Gaza, ALRAY - New York Times published a lengthy article for Ian Lustick, a political science professor at the University of Pennsylvania, one of the world top seven universities titled "illusions of a two-state solution".
Lustick explained the US failed to stand up to Israel's violations, and has a long history in providing a ground cover for the Israeli occupation policies; it also failed to discourage Israel from its settlement activity under the pretext that not provoking Israel would push it towards a peace agreement.
He compared the solution of establishing a Palestinian state living side by side in peace and security with Israel to Spanish dictator Francisco Franco who fell into a coma, and never stopped to be reported in the media as ‘alive’. “The news media began a long death watch, announcing each night that Generalissimo Franco was still not dead. This desperate allegiance to the departed echoes in every speech, policy brief and op-ed about the two-state solution today.”
With regard to the settlement expansions in the occupied West Bank and the doubled number of settlers under the cover of the 20-year-old Oslo Accords, Lustick believed that establishing a Muslim-ruled Palestinian state is has as potential as that of a secular Palestinian state “Strong Islamist trends make a fundamentalist Palestine more likely than a small state under a secular government.”
He indicated that “The disappearance of Israel as a Zionist project, through war, cultural exhaustion or demographic momentum, is at least as plausible as the evacuation of enough of the half-million Israelis living across the 1967 border, or Green Line, to allow a real Palestinian state to exist.”
“While the vision of thriving Israeli and Palestinian states has slipped from the plausible to the barely possible, one mixed state emerging from prolonged and violent struggles over democratic rights is no longer inconceivable.
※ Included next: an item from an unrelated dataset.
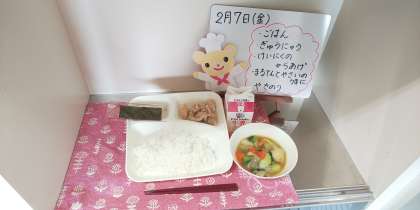 今日の給食は、ごはん、牛乳、鶏肉のからあげ、まる天と野菜のうま煮、焼きのりです。
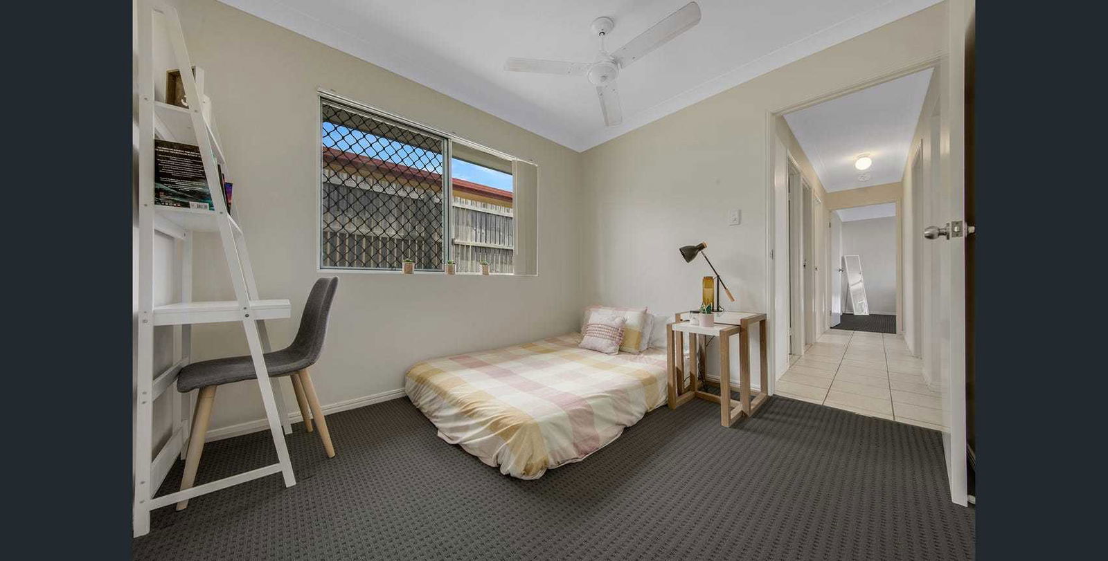 - 3 generous bedrooms, all with built-in wardrobes and ceiling fans

Yet the fantasy that there is a two-state solution keeps everyone from taking action toward something that might work,”
He considered that all sides have reasons to cling to two state-solution: “The Palestinian Authority needs its people to believe that progress is being made toward a two-state solution so it can continue to get the economic aid and diplomatic support that subsidize the lifestyles of its leaders, the jobs of tens of thousands of soldiers, spies, police officers and civil servants, and the authority’s prominence in a Palestinian society that views it as corrupt and incompetent.”
While for the consecutive Israeli governments, they “cling to the two-state notion because it seems to reflect the sentiments of the Jewish Israeli majority and it shields the country from international opprobrium, even as it camouflages relentless efforts to expand Israel’s territory into the West Bank,”
Conceived as early as the 1930s, the idea of two states between the Jordan River and the Mediterranean Sea all but disappeared from public consciousness between 1948 and 1967. Between 1967 and 1973 it re-emerged, advanced by a minority of “moderates” in each community. By the 1990s it was embraced by majorities on both sides as not only possible but, during the height of the Oslo peace process, probable. But failures of leadership in the face of tremendous pressures brought Oslo crashing down. These days no one suggests that a negotiated two-state “solution” is probable. The most optimistic insist that, for some brief period, it may still be conceivable.
He added that many Israelis see the demise of their country as not just possible, but probable. “The State of Israel has been established, not its permanence. The most common phrase in Israeli political discourse is some variation of “If X happens (or doesn’t), the state will not survive!”
“Those who assume that Israel will always exist as a Zionist project should consider how quickly the Soviet, Pahlavi Iranian, apartheid South African, Baathist Iraqi and Yugoslavian states unraveled, and how little warning even sharp-eyed observers had that such transformations were imminent.” He followed.